Copy out the listing below exactly, please, and skip any pictures.

■ **Exercise data**:
########

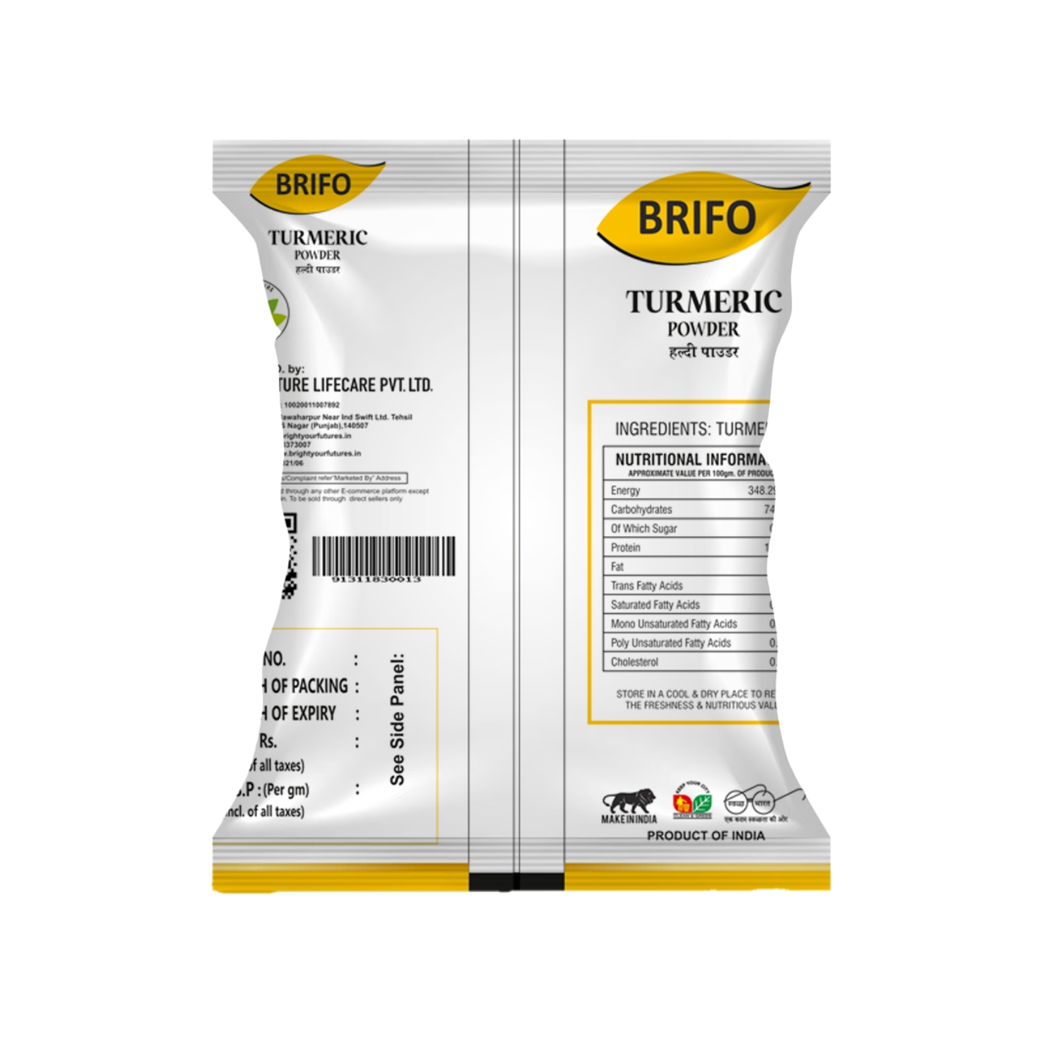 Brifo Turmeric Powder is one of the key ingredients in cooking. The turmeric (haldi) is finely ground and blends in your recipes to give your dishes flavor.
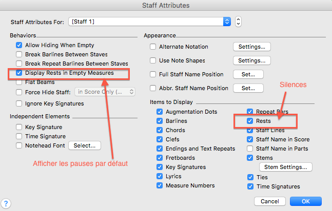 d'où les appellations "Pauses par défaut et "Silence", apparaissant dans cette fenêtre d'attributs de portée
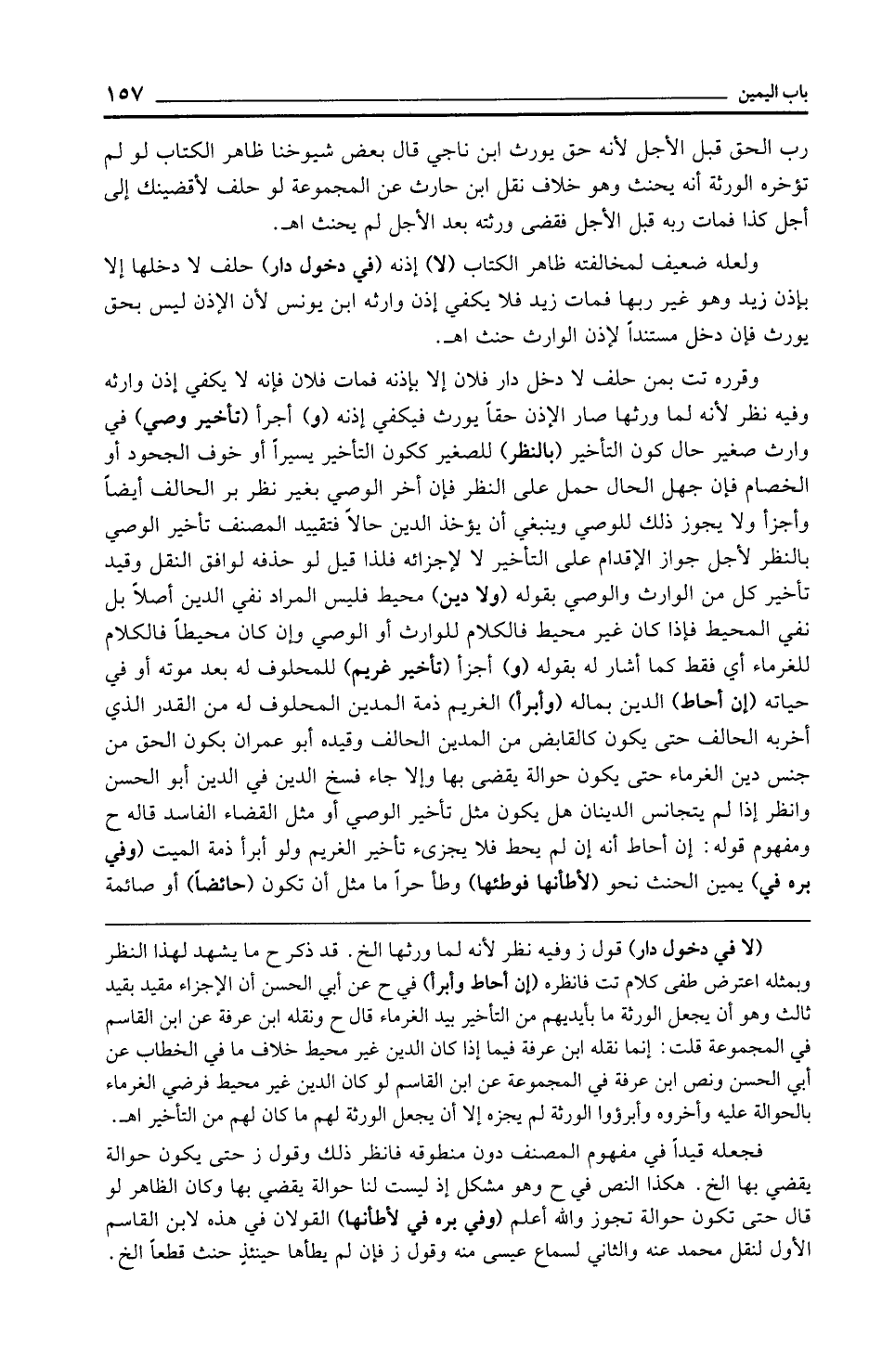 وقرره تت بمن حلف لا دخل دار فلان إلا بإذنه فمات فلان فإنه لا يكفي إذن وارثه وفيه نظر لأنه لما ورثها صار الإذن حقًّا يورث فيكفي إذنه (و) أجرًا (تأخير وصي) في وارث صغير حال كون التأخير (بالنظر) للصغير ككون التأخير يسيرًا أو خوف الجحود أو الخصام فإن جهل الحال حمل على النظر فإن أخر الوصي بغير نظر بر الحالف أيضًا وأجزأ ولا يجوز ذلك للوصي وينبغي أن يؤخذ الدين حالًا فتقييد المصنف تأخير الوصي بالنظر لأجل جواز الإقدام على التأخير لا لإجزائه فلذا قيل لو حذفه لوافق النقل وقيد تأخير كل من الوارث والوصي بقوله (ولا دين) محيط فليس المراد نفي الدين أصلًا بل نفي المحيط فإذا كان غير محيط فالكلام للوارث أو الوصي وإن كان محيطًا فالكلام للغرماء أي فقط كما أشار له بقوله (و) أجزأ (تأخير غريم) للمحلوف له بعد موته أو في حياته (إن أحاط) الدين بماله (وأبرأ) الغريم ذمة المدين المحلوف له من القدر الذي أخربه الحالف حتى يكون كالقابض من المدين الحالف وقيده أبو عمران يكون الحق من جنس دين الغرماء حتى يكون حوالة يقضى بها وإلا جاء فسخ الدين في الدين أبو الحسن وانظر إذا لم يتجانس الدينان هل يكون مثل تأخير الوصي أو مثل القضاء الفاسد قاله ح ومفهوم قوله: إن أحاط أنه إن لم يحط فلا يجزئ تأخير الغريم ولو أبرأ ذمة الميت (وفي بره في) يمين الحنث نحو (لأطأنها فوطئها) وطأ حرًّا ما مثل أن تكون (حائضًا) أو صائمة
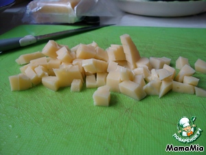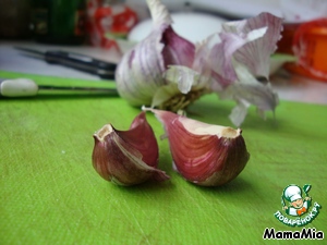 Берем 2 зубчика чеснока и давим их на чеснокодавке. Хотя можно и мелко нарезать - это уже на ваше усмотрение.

########

■ **Response area**:
 Brifo Turmeric Powder is one of the key ingredients in cooking. The turmeric (haldi) is finely ground and blends in your recipes to give your dishes flavor.
 d'où les appellations "Pauses par défaut et "Silence", apparaissant dans cette fenêtre d'attributs de portée
 وقرره تت بمن حلف لا دخل دار فلان إلا بإذنه فمات فلان فإنه لا يكفي إذن وارثه وفيه نظر لأنه لما ورثها صار الإذن حقًّا يورث فيكفي إذنه (و) أجرًا (تأخير وصي) في وارث صغير حال كون التأخير (بالنظر) للصغير ككون التأخير يسيرًا أو خوف الجحود أو الخصام فإن جهل الحال حمل على النظر فإن أخر الوصي بغير نظر بر الحالف أيضًا وأجزأ ولا يجوز ذلك للوصي وينبغي أن يؤخذ الدين حالًا فتقييد المصنف تأخير الوصي بالنظر لأجل جواز الإقدام على التأخير لا لإجزائه فلذا قيل لو حذفه لوافق النقل وقيد تأخير كل من الوارث والوصي بقوله (ولا دين) محيط فليس المراد نفي الدين أصلًا بل نفي المحيط فإذا كان غير محيط فالكلام للوارث أو الوصي وإن كان محيطًا فالكلام للغرماء أي فقط كما أشار له بقوله (و) أجزأ (تأخير غريم) للمحلوف له بعد موته أو في حياته (إن أحاط) الدين بماله (وأبرأ) الغريم ذمة المدين المحلوف له من القدر الذي أخربه الحالف حتى يكون كالقابض من المدين الحالف وقيده أبو عمران يكون الحق من جنس دين الغرماء حتى يكون حوالة يقضى بها وإلا جاء فسخ الدين في الدين أبو الحسن وانظر إذا لم يتجانس الدينان هل يكون مثل تأخير الوصي أو مثل القضاء الفاسد قاله ح ومفهوم قوله: إن أحاط أنه إن لم يحط فلا يجزئ تأخير الغريم ولو أبرأ ذمة الميت (وفي بره في) يمين الحنث نحو (لأطأنها فوطئها) وطأ حرًّا ما مثل أن تكون (حائضًا) أو صائمة
 Берем 2 зубчика чеснока и давим их на чеснокодавке. Хотя можно и мелко нарезать - это уже на ваше усмотрение.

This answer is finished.